At the closing of the E&S Sale Transaction, Lantronix paid CSI approximately $24,160,000 in cash, which was based on $25,027,566 base purchase price, as adjusted by estimated closing net working capital. This amount may be further adjusted to reflect the final closing net working capital amount.

Under the securities purchase agreement, Lantronix has also agreed to pay CSI, if earned, earnout payments of up to $7.0 million payable following two successive 180-day intervals after the closing of the E&S Sale Transaction based on revenue targets for the business of the TN Companies as specified in the securities purchase agreement, subject to certain adjustments and allocations as further described in the securities purchase agreement. Concurrently with the closing of the transaction, CSI and Lantronix entered into a transition services agreement under which CSI will perform administrative and IT services, and lease office, warehouse and production space to Lantronix at CSI’s Minnetonka, Minnesota facility for a period of up to twelve months.

In contemplation of the closing of the E&S Sale Transaction, the employment of approximately 75 employees of CSI or the TN Companies were terminated. As provided in the securities purchase agreement, CSI is responsible for any severance obligations arising out of such termination. Lantronix hired 63 former employees effective as of the closing of the E&S Sale Transaction as described in the securities purchase agreement. The Company will record a charge in the third quarter of 2021 relating to employee severance payments that is expected to be approximately $1,250,000. The Company also expects to record a non-cash charge of approximately $325,000 relating to the acceleration and settlement of outstanding equity awards under the 2011 Executive Incentive Compensation Plan as described below.

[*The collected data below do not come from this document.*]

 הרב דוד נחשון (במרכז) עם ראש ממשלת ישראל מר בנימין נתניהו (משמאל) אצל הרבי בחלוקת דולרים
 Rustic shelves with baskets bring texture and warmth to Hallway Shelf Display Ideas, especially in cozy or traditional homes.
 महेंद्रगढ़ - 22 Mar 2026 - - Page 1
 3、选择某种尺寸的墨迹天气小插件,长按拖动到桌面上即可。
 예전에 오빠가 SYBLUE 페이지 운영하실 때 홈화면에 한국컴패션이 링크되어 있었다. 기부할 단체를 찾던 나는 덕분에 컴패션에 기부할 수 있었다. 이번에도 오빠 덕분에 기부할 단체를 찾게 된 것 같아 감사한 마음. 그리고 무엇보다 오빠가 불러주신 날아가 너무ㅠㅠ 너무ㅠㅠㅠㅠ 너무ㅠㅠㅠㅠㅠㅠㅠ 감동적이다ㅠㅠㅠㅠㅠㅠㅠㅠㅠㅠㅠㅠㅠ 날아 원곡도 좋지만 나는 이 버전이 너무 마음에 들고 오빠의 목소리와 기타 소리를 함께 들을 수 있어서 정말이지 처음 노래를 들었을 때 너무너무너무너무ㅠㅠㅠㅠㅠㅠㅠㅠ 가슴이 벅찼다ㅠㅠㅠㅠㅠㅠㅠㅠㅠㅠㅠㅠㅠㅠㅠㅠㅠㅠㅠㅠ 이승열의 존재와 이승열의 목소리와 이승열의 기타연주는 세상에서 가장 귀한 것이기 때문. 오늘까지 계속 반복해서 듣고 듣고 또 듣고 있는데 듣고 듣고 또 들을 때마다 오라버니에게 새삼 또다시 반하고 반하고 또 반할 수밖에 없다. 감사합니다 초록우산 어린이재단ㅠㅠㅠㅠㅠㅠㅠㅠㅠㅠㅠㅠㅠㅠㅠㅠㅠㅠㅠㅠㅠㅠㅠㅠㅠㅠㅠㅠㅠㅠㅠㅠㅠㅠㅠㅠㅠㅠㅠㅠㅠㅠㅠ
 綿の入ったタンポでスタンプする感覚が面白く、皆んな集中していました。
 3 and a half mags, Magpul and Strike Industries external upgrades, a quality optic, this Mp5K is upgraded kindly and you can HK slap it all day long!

The closing of the E&S Sale Transaction constituted a “Change in Control” as defined in the Company’s 2011 Executive Incentive Compensation Plan (“2011 Plan”) on August 2, 2021, the closing date of the E&S Sale Transaction. In accordance with the determinations and approvals of the Compensation Committee, effective on August 1, 2021, each Incentive Award granted and outstanding under the 2011 Plan and not otherwise forfeited or expired in accordance with its terms was fully vested and exercisable and any restrictions lapsed. After giving effect to such acceleration and vesting, on the August 2, 2021 closing date:

All then-outstanding restricted stock units (RSUs”) were settled by exchanging them for the equivalent number of shares of the Company’s common stock specified in the respective RSU award agreements, with the shares of the Company’s common stock issued on settlement of the RSUs being issued and outstanding as of the closing date.

All then-outstanding stock options having an exercise price less than the Fair Market Value (as defined in the 2011 Plan) on the closing date were settled by exchanging the options for a “net” number of shares of the Company’s common stock as if exercised on a net or cashless basis as provided in the 2011 Plan (for administrative convenience, rounded up to the next whole share), with the net shares of the Company’s common stock issued on settlement of these stock options being issued and outstanding as of the closing date.

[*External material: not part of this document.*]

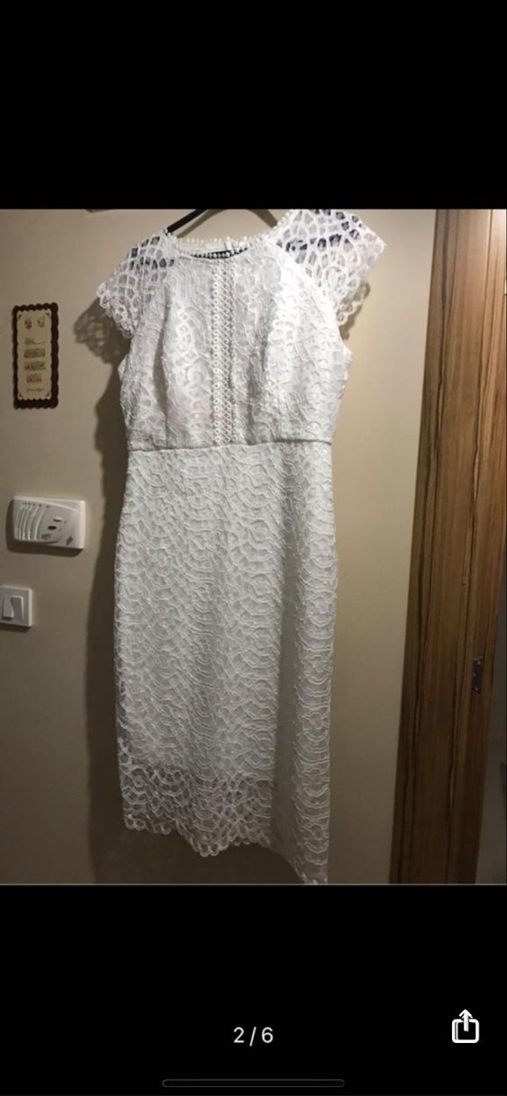 Dantel Detaylı Beyaz Uzun Abiye Elbise
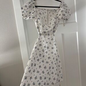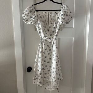 Keywords: Reformation dress, floral mini dress, off shoulder dress, puff sleeve dress, cutout dress, white dress, size 12 dress, summer dress, aline dress, party dress, casual dress, lined dress, sweetheart neckline, smocked dress

Following the disposition of the outstanding RSUs and stock options as described above, these Incentive Awards were terminated and cancelled as of the closing date.

All then-outstanding stock options having an exercise price equal to or greater than the Fair Market Value on the closing date were terminated and cancelled as of the closing date without any payment therefor.

Any required tax withholding not otherwise satisfied in cash on the closing date is being satisfied by the Company reducing the shares otherwise issuable to the holder of the Incentive Award by that number of whole shares (rounded up to the nearest whole share) having a Fair Market Value (as defined in the 2011 Plan) equal to the amount of any tax withholding required.

Immediately prior to the closing date, there were outstanding under the 2011 Plan stock options to purchase 995,530 shares of CSI common stock and RSUs for 98,705 shares of CSI common stock. Immediately following the closing date, there were no equity incentive awards outstanding under the 2011 Plan or otherwise.